Licences granted 1997-99

  25. In the course of questioning the Foreign Secretary and in subsequent written questions and answers, we have sought to gain a clearer idea of the Government's policy over the past two years on arms exports to Indonesia. In 1999 the Government told us in writing that applications had been considered against the background of its poor human rights record under then President Suharto and the illegal occupation of East Timor, but also the judgement that it had legitimate defence and domestic security interests. These considerations had led to the refusal of applications for items where there was judged to be a clearly identifiable risk that they might be used for internal repression. Conversely, goods such as naval equipment, body armour and machine gun spares had been allowed to be exported, in the absence of such a risk.[39] In November 1999, in response to our written queries, the Government repeated that all applications had been judged on a case by case basis against the criteria, and noted that many of the licences approved had been spares for equipment previously exported. It described military goods licensed as primarily "naval and air defence spares".[40]

26. We obtained from the Government a detailed list of all licences granted for Indonesia since May 1997, up to the embargo imposed in September 1999. We also have detailed information on the refusals of licences as recorded in the two Annual Reports. As the Foreign Secretary noted, licences were refused for goods such as armoured vehicles and sniper rifles which had been licensed under the previous administration.[41] Our analysis of the licences granted confirms that the majority were indeed in connection with equipment already supplied. The Foreign Secretary's emphasis on Indonesia's legitimate right to self -defence may explain the licensing of some arms which might otherwise have fallen foul of the criterion relating to regional conflict. There were also one or two individual licences for relatively expensive goods which must have been examined under the criterion on economic development, given the increasingly parlous nature of Indonesia's economy at the time. One licence for an aircraft simulator in particular accounted for a substantial whack of the total licensed for the year; it does not however figure on the list provided by the Secretary of State for International Development of licences to which her department raised objections.[42]

27. TAPOL was "extremely concerned that Britain continues to upgrade the military capability of the Indonesian armed forces when they are being universally condemned for their brutality in East Timor..." and claimed that it was clear from the lists that the "Government is engaged in a policy of upgrading Indonesia's military capability".[43] In at least one case our inquiries suggest that the item licensed may indeed have constituted an upgrading of existing equipment. In another case however a licence was given on the explicit condition that the goods would not enhance the equipment beyond that originally supplied. The Foreign Secretary's responses to our questions suggest that there was no explicit policy either favouring or rejecting upgrading or enhancement of existing equipment.[44] The Government's July 1997 criteria on arms sales are silent on this point, as they are on the whole vexed question of follow-on equipment.

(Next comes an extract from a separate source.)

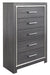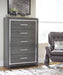Reminiscent of Hollywood glamour of yesteryear, this chest of drawers interprets luxury in a decidedly modern way. A dazzling gray finish and faceted chrome-tone accents enhance the star power. Five smooth-gliding drawers provide enough storage to appease your inner diva.

Subsequent to our consideration of this issue in the context of Indonesia, there has been controversy over the question of the supply of spare parts for Hawk aircraft in Zimbabwe, as we set out below (para 39). In the course of our visit to Sweden we heard of a similar controversy there, which had been to some extent resolved by the establishment of guidelines on what constituted follow-on equipment. The Government should now draw up and publish guidelines governing the extent to which the UK feels bound to license spares for existing UK-supplied equipment.

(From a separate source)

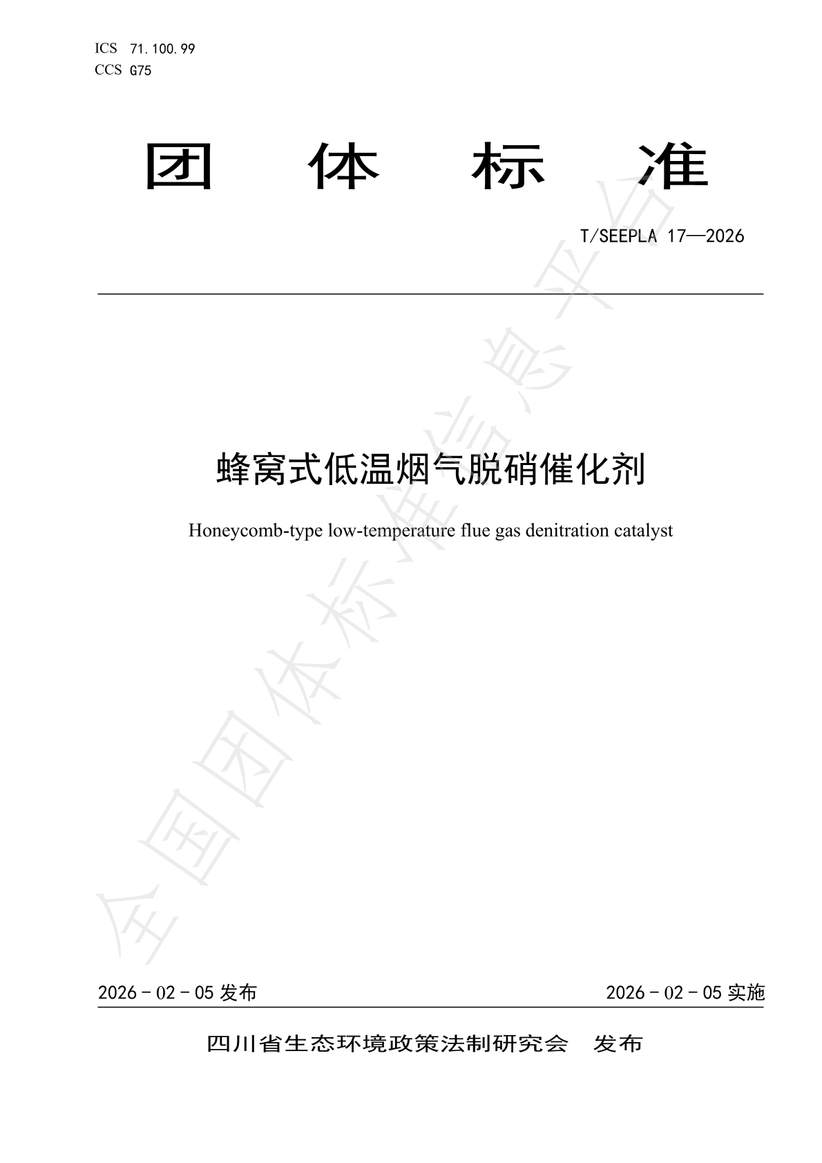 近日,四川省生态环境政策法制研究会正式发布《蜂窝式低温烟气脱硝催化剂》(T/SEEPLA 17-2026)团体标准,四川省环保科技工程有限责任公司、四川省环科院科技咨询有限责任公司参与了标准编制工作。该标准聚焦蜂窝式低温烟气脱硝催化剂的产品规格、试验方法、性能指标等关键内容进行规范,填补了国内低温脱硝催化剂领域标准空白,有效提升了该类催化剂的标准化、规范化水平,为钢铁、水泥、焦化等非电行业低温烟气脱硝治理提供了重要技术依据。

28. It would appear that the UK criteria did not and do not rule out the licensing of arms sales to a regime which may be objectionable on the grounds of its human rights record, so long as there is no clearly identifiable risk that they will be used for internal repression. Paragraph 4 (a) of the UK criteria states that the government will "take into account respect for human rights and fundamental freedoms in the recipient country" and Criterion 2 of the EU code states that Member States will "exercise special caution and vigilance in issuing licences...to countries where serious violations of human rights have been established...". These provisions seem to fall some way short of a system whereby a licence can be refused simply because of pervasive abuse of human rights in the country to which arms are to be exported. Short of a multilateral or unilateral embargo, a refusal of a licence on pure "foreign policy" grounds would have to depend on the very broad provisions of Criterion 3 which demands that full weight be given to the UK's national interests. We note the assurance from the Foreign Secretary in evidence to us that he would look at any practical and realistic suggestions for revision of the criteria with an open mind.[45] We would welcome reassurance that Ministers are confident that the new national criteria on arms sales and the EU Code of Conduct do not prevent the exercise of their discretion, without fear of judicial review, to refuse licences on broad grounds of public policy, not explicitly covered by the criteria.

Embargo

  29. On 11 September1999 the Foreign Secretary announced that the UK was suspending arms exports to Indonesia, and that it would be supporting a proposal for an EU embargo. On 13 September 1999 the EU General Affairs Council came to a political agreement on an embargo: on 16 September 1999 the EU Council came to a formal Common Position : on 11 October 1999 an EC Regulation was agreed. The embargo ran for four months and expired on 17 January 2000; it would have required unanimity among Member States to have renewed it.[46] The standard embargo is for six months although there are precedents for other periods.[47] Six of the current EU embargoes are without any expiry date — on Afghanistan, China, Libya, Sudan, the former Yugoslavia and Zaire. The embargoes on Burma, Ethiopia and Eritrea are renewable every six months.[48] The Foreign Secretary explained that the period chosen for Indonesia reflected the need to compromise between those who sought a longer and those who sought a shorter period.[49] Two statutory instruments were made on 16 September 1999, one varying all existing licences for Indonesia by prohibiting their use for 4 months and extending their validity thereafter by the same period, and the other blocking the transhipment without licence of goods otherwise requiring a licence. This second Order was amended by a third Order on 17 September 1999 to correct a minor error, the omission of a citation provision. The decision to extend the licences by the period "lost" as a result of the 4-month embargo has been attributed to the fact that the embargo was time-limited.[50] No similar extensions have been made to the validity of export licences in relation to previous EU embargoes.[51] The extension means that the licence granted for the Hawks by the previous Administration in November 1996, which would otherwise have expired in November 2000, is valid until 24 March 2001.[52]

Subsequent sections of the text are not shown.